Start of Block
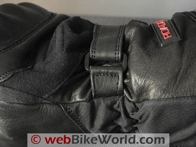 The wrist strap is in addition to the hook-and-loop gauntlet closure, which is minimal in size but works to secure the gloves.
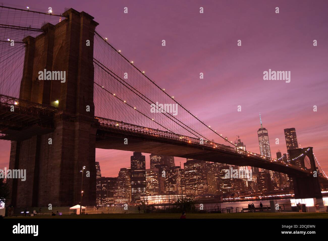 Brooklyn Bridge and Manhattan Skyline at sunset Stock Photo Alamy
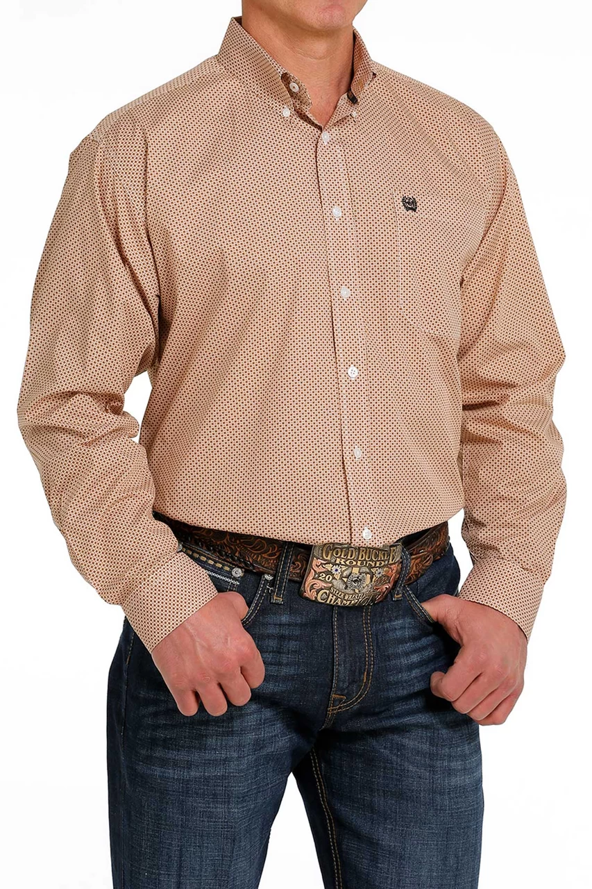 Cinch Men’s Brown With Dots Button Down Long Sleeve
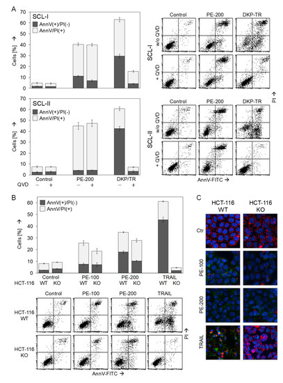 As seen in Figure 2D,E, PE treatment resulted in less increase in early apoptotic cells characterized by AnnV(+)/PI(−), whereas numbers of late apoptotic/necrotic cells characterized by AnnV(+)/PI(+) were strongly increased. To further prove, whether cells may die by apoptosis, i.e., via a caspase-dependent pathway, and to evaluate the possible significance of caspases in PE-induced cell death, the pan-caspase inhibitor Q-VD-Oph was applied in SCL-I and SCL-II, and cell death was evaluated by AnnV/PI staining. When considering AnnV(+)/PI(−) cells (early apoptosis), the applied positive control (DKP-071/TRAIL) induced apoptosis in 30% and 43% of SCL-I and SCL-II cells, respectively. This proapoptotic effect was completely prevented by 10 µM Q-VD-Oph (Figure 5A). Similarly, induction of AnnV(+)/PI(+) cells by DKP-071/TRAIL was strongly reduced in SCL-I and was prevented in SCL-II by Q-VD-Oph, indicating late apoptotic (secondary necrotic) cells. In contrast, cell death induced by PE-200 was not significantly decreased by Q-VD-Oph, indicating also caspase-independent and non-apoptotic pathways induced by PE.
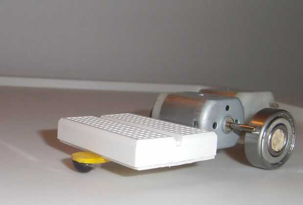 Voltee su SpurtBot hacia atrás por lo que es el lado superior hacia arriba. Asegúrese de que el equilibrio es para que el bot ahora descansa en el talón de la media en la parte delantera del robot.
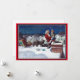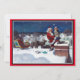 Tomte som levererar en stor hög med böcker julkort
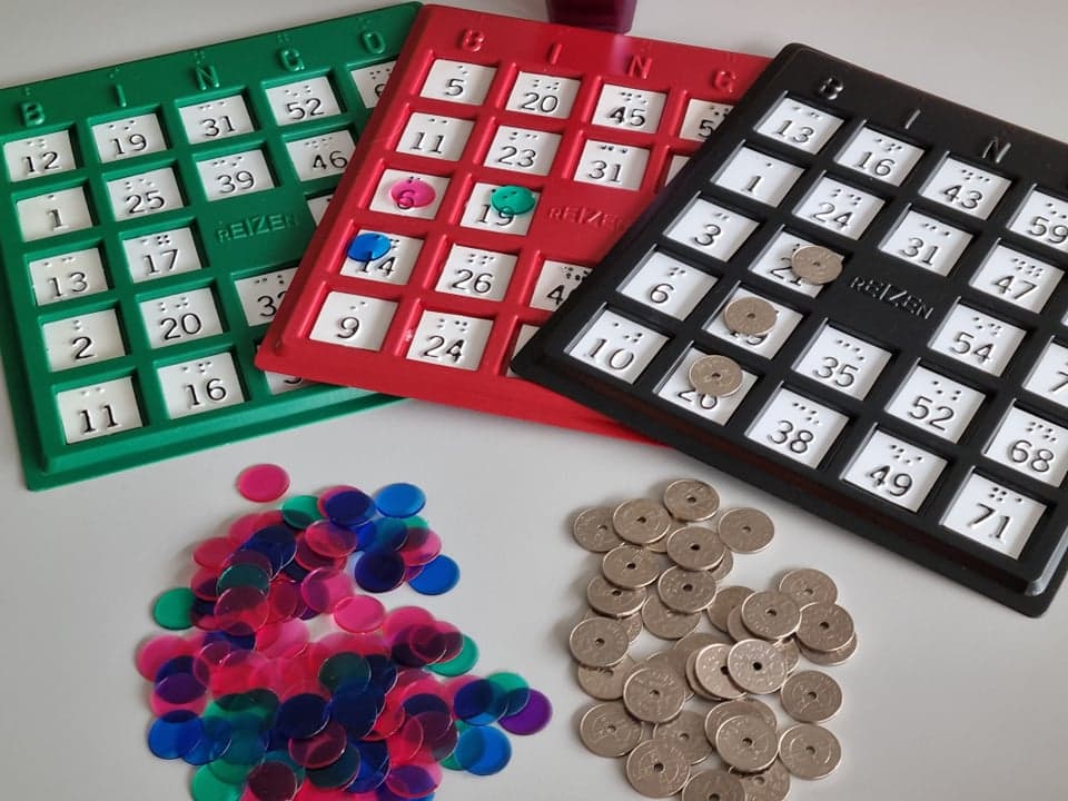 Vi bruker bingobrett som er med taktiletall, punkt og svarte tall så alle kan være med å spille. Vi bruker fargete gjennomsiktige plast brikker eller kronestykker som legges på brettet på det tallet som blir lest opp.
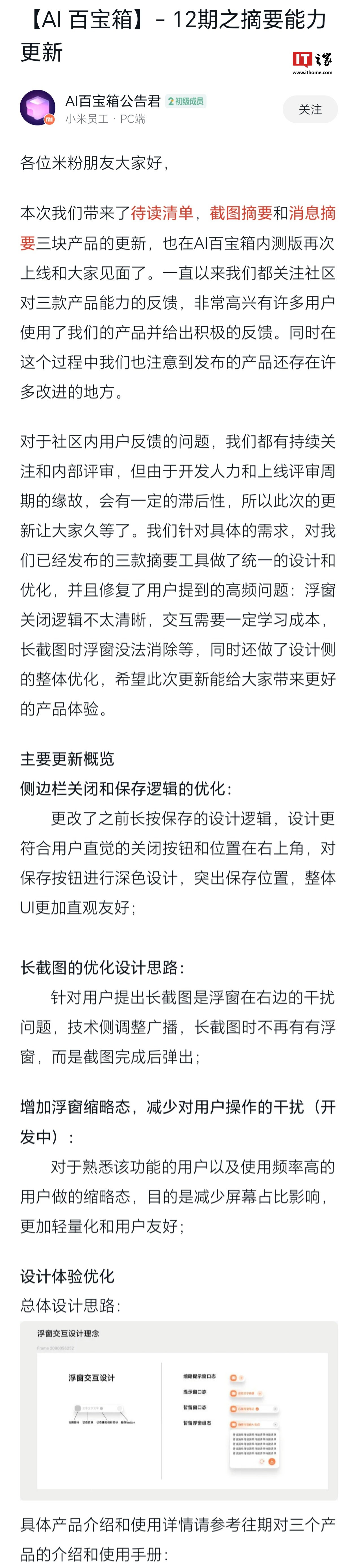 文章来源于互联网:IT之家-小米 AI 百宝箱内测版“待读清单”“截图摘要”“消息摘要”功能重新上线
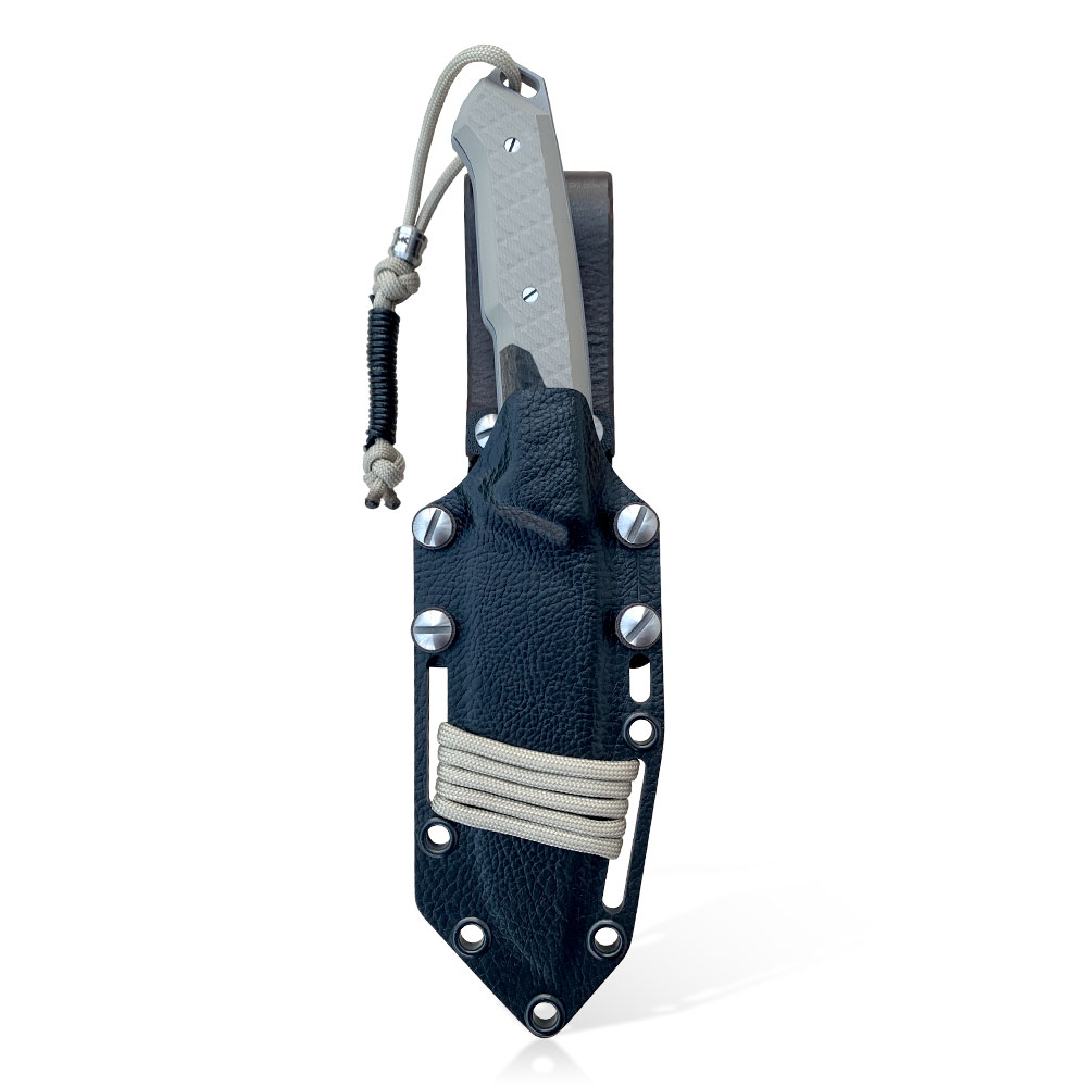 Nóż posiada kaburę z ręcznie formowanego tworzywa holstex o naturalistycznej teksturze, cechującego się wysoką odpornością na uderzenia, zarysowania, charakteryzującego się niską chłonnością wilgoci, odpornego na różnorodne warunki atmosferyczne oraz wiele środków chemicznych. W prezentowanym modelu kabura zrobiona została z materiału w kolorze czarnym, uzupełniona dodatkami w kolorach, brązowym, coyote i czarnym. Kabura została skręcona stalowymi, satynowymi śrubami.
End of Block
(About this exercise):
Copy the listing exactly. Leave the pictures out.

(Solution):
 The wrist strap is in addition to the hook-and-loop gauntlet closure, which is minimal in size but works to secure the gloves.
 Brooklyn Bridge and Manhattan Skyline at sunset Stock Photo Alamy
 Cinch Men’s Brown With Dots Button Down Long Sleeve
 As seen in Figure 2D,E, PE treatment resulted in less increase in early apoptotic cells characterized by AnnV(+)/PI(−), whereas numbers of late apoptotic/necrotic cells characterized by AnnV(+)/PI(+) were strongly increased. To further prove, whether cells may die by apoptosis, i.e., via a caspase-dependent pathway, and to evaluate the possible significance of caspases in PE-induced cell death, the pan-caspase inhibitor Q-VD-Oph was applied in SCL-I and SCL-II, and cell death was evaluated by AnnV/PI staining. When considering AnnV(+)/PI(−) cells (early apoptosis), the applied positive control (DKP-071/TRAIL) induced apoptosis in 30% and 43% of SCL-I and SCL-II cells, respectively. This proapoptotic effect was completely prevented by 10 µM Q-VD-Oph (Figure 5A). Similarly, induction of AnnV(+)/PI(+) cells by DKP-071/TRAIL was strongly reduced in SCL-I and was prevented in SCL-II by Q-VD-Oph, indicating late apoptotic (secondary necrotic) cells. In contrast, cell death induced by PE-200 was not significantly decreased by Q-VD-Oph, indicating also caspase-independent and non-apoptotic pathways induced by PE.
 Voltee su SpurtBot hacia atrás por lo que es el lado superior hacia arriba. Asegúrese de que el equilibrio es para que el bot ahora descansa en el talón de la media en la parte delantera del robot.
 Tomte som levererar en stor hög med böcker julkort
 Vi bruker bingobrett som er med taktiletall, punkt og svarte tall så alle kan være med å spille. Vi bruker fargete gjennomsiktige plast brikker eller kronestykker som legges på brettet på det tallet som blir lest opp.
 文章来源于互联网:IT之家-小米 AI 百宝箱内测版“待读清单”“截图摘要”“消息摘要”功能重新上线
 Nóż posiada kaburę z ręcznie formowanego tworzywa holstex o naturalistycznej teksturze, cechującego się wysoką odpornością na uderzenia, zarysowania, charakteryzującego się niską chłonnością wilgoci, odpornego na różnorodne warunki atmosferyczne oraz wiele środków chemicznych. W prezentowanym modelu kabura zrobiona została z materiału w kolorze czarnym, uzupełniona dodatkami w kolorach, brązowym, coyote i czarnym. Kabura została skręcona stalowymi, satynowymi śrubami.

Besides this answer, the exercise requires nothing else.